Life becomes a whole load of nothing but remembering, even when you're doing nothing, even when you have no reason to be thinking about that. You sit there in silence, overwhelmed by the sudden flush of memories you won't ever get back—spending summers by Lake Michigan with Emma, visiting New York with Zach, throwing joint birthday parties with Cecelia—and you realize all of it has been for nothing. They play like a film reel in your head, like they happened to a different person in a different life.

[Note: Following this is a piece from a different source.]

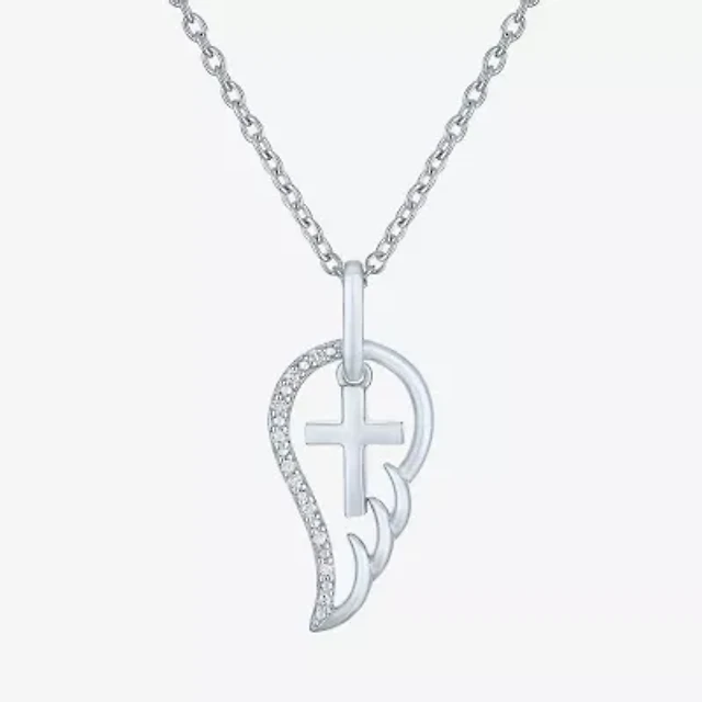 Womens 1/2 CT. T.W. Lab Grown White Diamond Sterling Silver Or 14K Gold Over Cross Pendant Necklace

"I know this is none of my business and I can't possibly relate to what you've gone through, but you'll fall in love again," Callum tells me, already with a hand on the door handle, and I find myself staring at the back of Betty's head. The wind whooshes around us, stronger the closer we get to Auke Lake—definitely not Lake Michigan—and I step towards the Grill because I have nowhere else to go, nowhere else to belong. "You'll meet someone at some point, maybe even when you least expect it. You'll meet other people, make new friends. Life goes on. I mean, you have us. We're good company."
I have plenty of things to say about that, about being willing to meet someone and trust them enough to allow them to hold a thing as fragile as my heart in their hands, about not being ready to do it, but I don't. It's not an appropriate topic of conversation, especially when I'm standing in front of someone I've had two or three conversations with, but I still appreciate the sentiment.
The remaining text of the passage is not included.